Network Forensics and Reversing Part 1 – gzip web content, java malware, and a little JavaScript

Note: This is a reprint of a posting I made for my company, NetWitness (www.netwitness.com). This is unchanged from the original, however that copy can be found at: http://www.networkforensics.com/2010/11/14/network-forensics-and-reversing-part-1-gzip-web-content-java-malware-and-a-little-javascript/

Something I’ve found unsettling for some time now is the drastically increased usage of gzip as a Content-Encoding transfer type from web servers. By default now, Yahoo, Google, Facebook, Twitter, Wikipedia, and many other organizations compress the content they send to your users. From that list alone, you can infer that most of the HTTP traffic on any given network is not transferred in plaintext, but rather as compressed bytes.

That means web content you’d expect to look like this on the wire (making it easily searchable for policy violations and security threats):

In reality, looks like this:

As it turns out, the two screenshot above are for the exact same network session, the later screenshot being from wireshark and showing the data sent by the webserver really is compressed and not discernable.

By extension, you can likely say that most real-time network forensics/monitoring tools are [realistically] “blind” to [plausibly] a majority of the web the traffic flowing into your organization.

Combined with the fact that a vast majority of compromises are delivered to clients via HTTP (at this time, typically through the use of javascript), my use of the word “unsettling” should be an understatement.
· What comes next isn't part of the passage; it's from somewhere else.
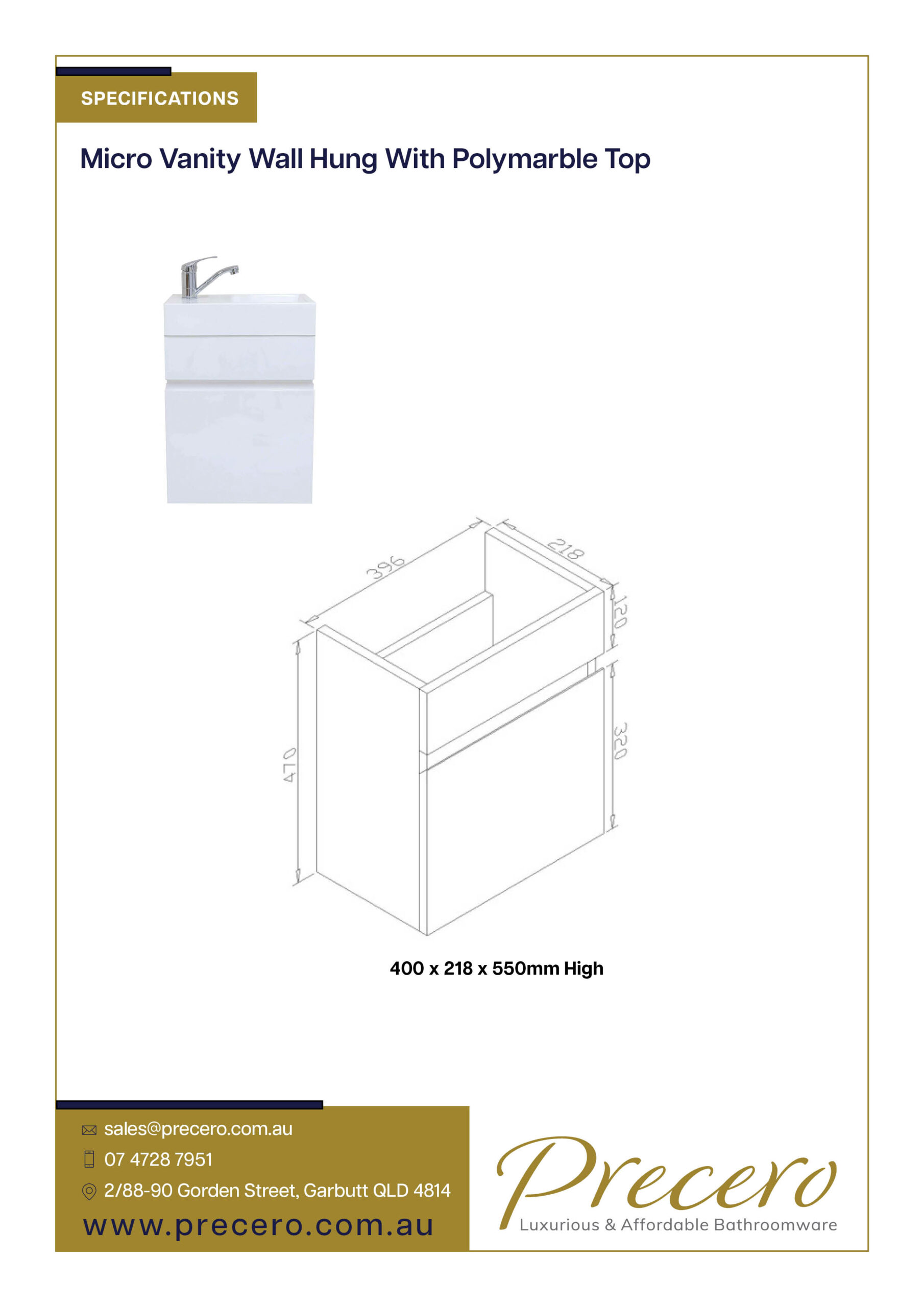 Micro Waterproof Vanity Wall Hung 450mm with Polymarble Top

This includes everything from “APT” types of threats (or whatever soapbox you stand on to describe the same thing), down to drive-by’s and mass exploitations.

The good news: Current trends in exploitation have given us very powerful methods for generic detection (eg: without needing “signatures,” or more precisely – preexisting knowledge about the details of particular vulnerabilities or exploits) by examining traits of javascript, iframes, html, pdf’s, etc.

The bad news: Webservers are reducing the chance of network technologies from detecting those conditions by compression based transfer (obfuscation).

I find no fault with organizations choosing to use gzip as their transfer type. HTTP is a horribly repetitive and redundant language (read: bloated). Every opening <tag> has an identical closing </tag>. XML is even worse. For massive sites with massive traffic, the redundancy and bloat of protocols like HTTP and XML translate directly to lost revenue via extremely large amounts of wasted bandwidth.

Nonetheless, as forensic engineers, our challenge is to discover and compensate for all the things proactive security technologies like AV, firewalls, IPS, etc. continually fail to identify and stop. Recently, I added the following rule on a customer’s network in NetWitness:

If you’re not familiar with the NetWitness rule syntax, the rule above does the following:

If the server application/version (as extracted by the protocol parsing engine) contains the string: “nginx,”
AND
If the Content-Encoding used by the server is gzip
THEN
Create a tag labeled “http_gzip_from_nginx” in a key called “monitors.”

In the Investigator GUI, you would see something like this in the “monitors” key:

Why nginx? As it turns out, a lot of hackers tend to use nginx webservers, so this seemed like a good place to start experimenting. The question I was trying to answer is:

If the content body of a web response is gzip’ed (so we can’t examine traits of “suspiciousness” inside the body), then what can we see outside the body to indicate this gzip’ed traffic is worth examining further?

We’ll revisit this question in later blog posts, but for now, nginx as a webserver is an amazingly powerful place to start! We’ll examine one such example in this post, with an additional post using the gzip + nginx combination. As the small screenshot above shows, there were 33 sessions meeting the criteria of gzip + nginx (out of about 50,000 sessions). With only 33 sessions, it’s possible to examine them by drilling into the packets of all 33, examining them each one-by-one (eg: brute-force forensic examination), but that would be poor forensic technique and defeat the entire point of a technical and educational network forensics blog! The examples in these series of blog posts will employ good forensic practices using “correlative techniques,” allowing us to have a good idea of what is inside the packet contents before we ever drill that deeply into the network data (an indication you are using good network forensics practices).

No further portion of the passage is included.